Academic Research Support
The design logic, technical feasibility, and performance advantages of the aforementioned PoQ mechanism have been validated through dedicated academic research. For detailed insights, refer to the following papers:
- Design and Evaluation of Cost-Aware PoQ for Decentralized LLM Inference: Proposes a cost-aware PoQ framework that integrates efficiency metrics into incentive mechanisms. It achieves dynamic balance between quality and cost through a unified evaluation pipeline, verifying the practicality and economic sustainability of the multi-dimensional evaluation system.
- Optimistic TEE-Rollups: A Hybrid Architecture for Scalable and Verifiable Generative AI Inference on Blockchain: Presents a hybrid verification protocol that provides the underlying architecture for on-chain verifiable proofs. By combining Trusted Execution Environments (TEE) with zero-knowledge spot checks, it resolves the trilemma of verifiability in decentralized inference and further enhances the security and efficiency of PoQ proofs.

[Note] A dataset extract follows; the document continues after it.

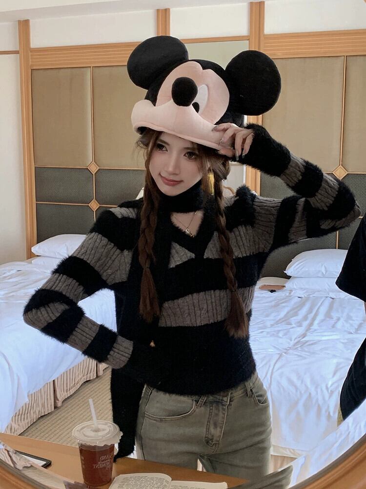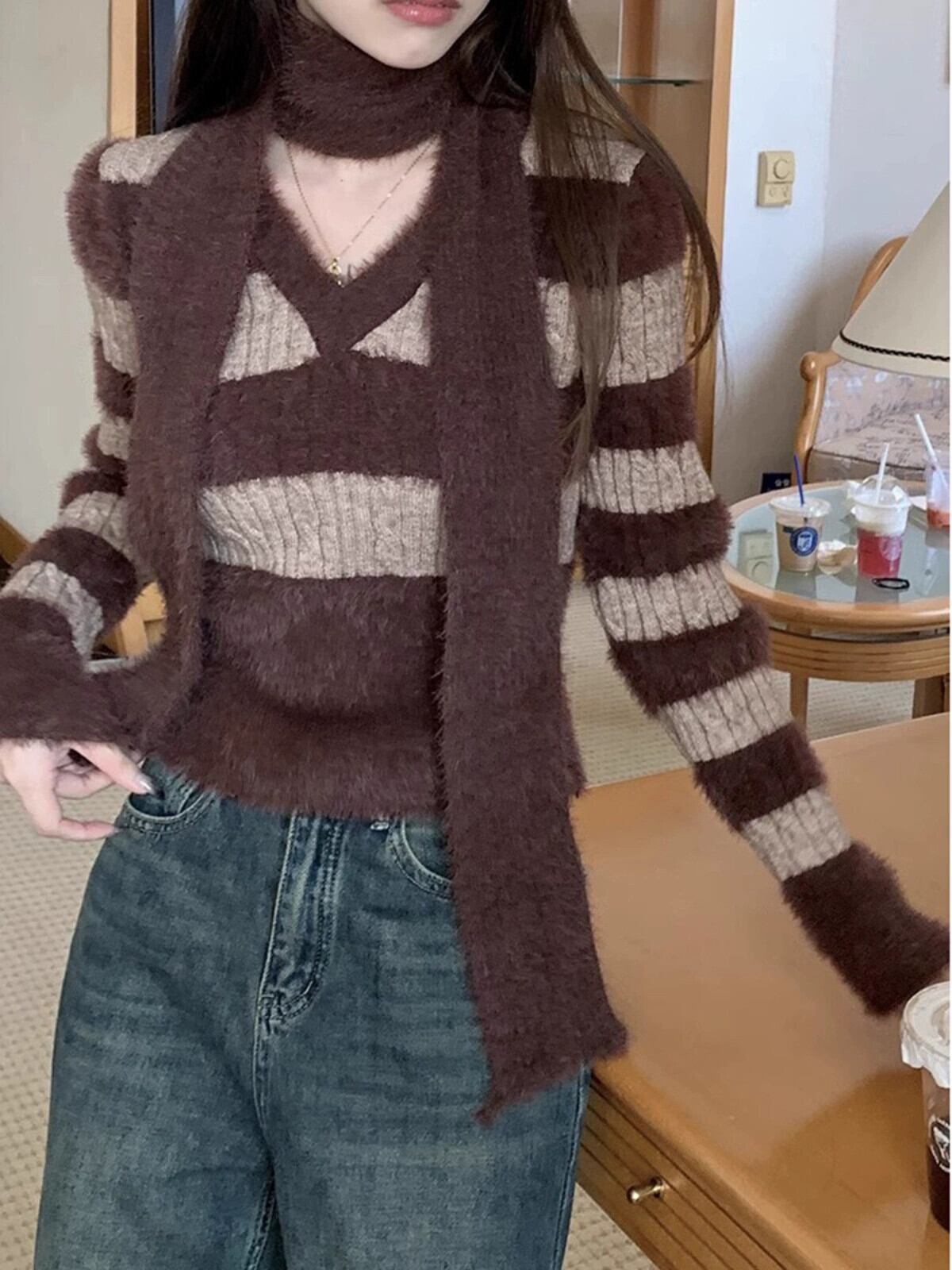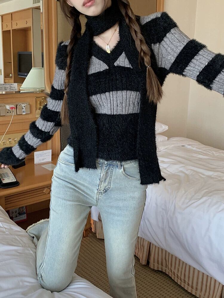 モヘアストライプ V ネック長袖セーター女性秋と冬 2024 新しいレトロなソフトワックスショートニットトップ + スカーフ ロング オータム 秋物 ウィンター 冬物 Vネック missk82525980100

- Adaptive and Robust Cost-Aware Proof of Quality for Decentralized LLM Inference Networks: Extends the cost-aware PoQ mechanism with adversary-resilient consensus formation, integrating robust aggregation rules (median, trimmed mean) and an adaptive trust-weighted consensus strategy that updates evaluator weights based on deviation signals. Through experiments on question answering and summarization tasks with four adversarial attack strategies, it verifies that robust aggregation improves the alignment of consensus scores with ground truth proxies and reduces sensitivity to noisy and strategic attacks, while also clarifying the operational trade-offs between evaluator sampling size, robustness, reward variance and evaluation overhead, providing practical guidance for PoQ deployment under adversarial risks and resource constraints.